Other poets reading are Maggie Dietz (GRS'97), a University of Massachusetts Lowell assistant professor of English, who has returned to BU this semester as a lecturer, and Karl Kirchwey, a CAS professor of English, who plans to read from his forthcoming collection of poems, Stumbling Blocks: Roman Poems. The poems were written between 2010 and 2014, while he was arts director at the American Academy in Rome.

Kirchwey sees the evening as an opportunity for faculty to impart some hard-won firsthand knowledge. "I hope the students who attend will have a chance to hear what we're working on, not so they can say, 'Gee, they're great,' but so they can understand that a reading is a chance to give the work on the page an aural/oral life and to test it out, making further revision possible."

In keeping with tradition, the event will also bring back a recent alum of the Creative Writing Program. Poet Michael Brokos (GRS'12) will read from poems in his book-length manuscript tentatively titled Blunt Force. Brokos describes the poems as "concerned with numbness, detachment, how we distance ourselves from our experiences, and how that removal continues to affect us."

Asked what attracted him to poetry initially, the poet says he's always "been drawn to the lyrical or musical qualities that underlie spoken language." He describes his style as "conversational (I owe a lot to poets such as Frank O'Hara and John Ashbery)," and as "relatively plain in the sense of not overly flashy or decorative." But at the same time, he says, his poems pay meticulous attention to "the musicality of speech or utterance."

"Mike's writing is unique," says Pinsky. "If understatement can be flamboyant, he embodies that quality.
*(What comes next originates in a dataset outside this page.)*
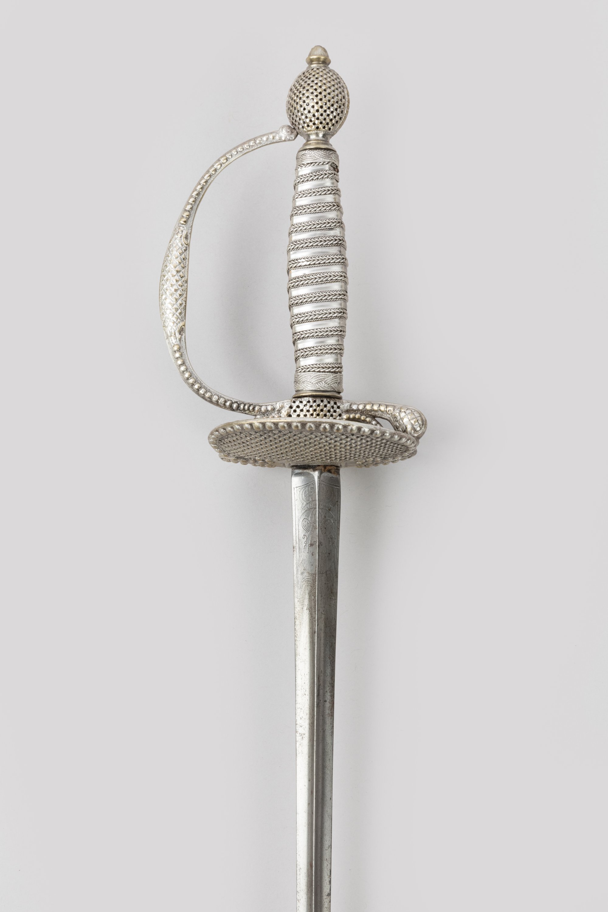 Monture en argent ciselé à pointe de diamant et repercée. Pommeau en olive, fusée filigranée et lamée. Garde à une branche, pas d’âne et coquille bivalve. Lame triangulaire signée au talon " Guilmin Md Fourbisseur à Versailles ".
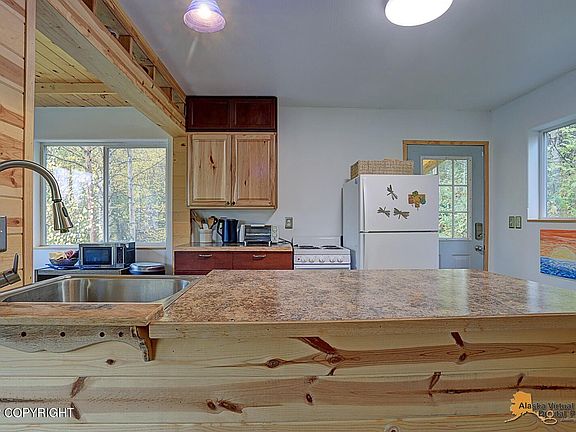 MOVE IN BEFORE THE HOLIDAYS! Take advantage of a rare opportunity to own this turn-key, updated rustic cabin in the woods near Knik River, just 15 minutes from Palmer & an hour to Anchorage. Nestled on 1.5 acres in a quiet neighborhood, this homey cabin features a new roof, a 165-gallon fuel tank, & a private well & septic. Beautifully updated interior includes a renovated kitchen w/modern lightfixtures, refurbished flooring, a new energy-efficient fridge, space-saving washer/dryer combo, & a convenient on-demand water system, all like new & minimally used. Cabin comes fully furnished making this perfect for a rental investment, weekend getaway, or full time living. Relax & enjoy the spectacular mountain views from your covered deck. You are just around the corner from all that Knik River recreation has to offer - come check out this gem while it lasts

A plainness that somehow transforms into a bathysphere, going way down from a calm surface to the depths, and the creatures there."

Michael Brokos, a recent poetry alum of BU's Creative Writing programReflecting on his time at BU, Brokos says the MFA program was "hugely positive." The opportunity to workshop poems two or more times a week within "a dedicated community of practicing writers exposed me to a wide range of values and approaches," he says. "I was also able to try new things and gauge reactions in quick succession." More than anything, BU professors gave him a better understanding "of what a poem needs in order to hold together." He also says that being given the chance to design and teach creative writing courses at BU and Boston Arts Academy while he was in the program gave him an opportunity "to test my opinions and perspectives on what constitutes good and great writing."

Now an instructional coach at Johns Hopkins University, where he teaches writing courses and workshops and manages the university's writing and tutoring center, Brokos urges students contemplating a career as a poet to spend as much time reading and writing poetry as possible, while not neglecting other avenues of learning.

"First of all, you will need to do something else besides writing poems to generate income," he says. "But more important, the more broadly you are able to learn and think, the better your art will be."

Also speaking at tonight's Faculty Reading are novelist Leslie Epstein, a CAS professor of English, and novelist, essayist, and short story writer Sigrid Nunez, a lecturer in the Creative Writing Program.

The annual Creative Writing Program Faculty Reading is tonight, Tuesday, April 5, at the Florence & Chafetz Hillel House, 213 Bay State Rd., fourth floor, at 7 p.m. The event is free and open to the public.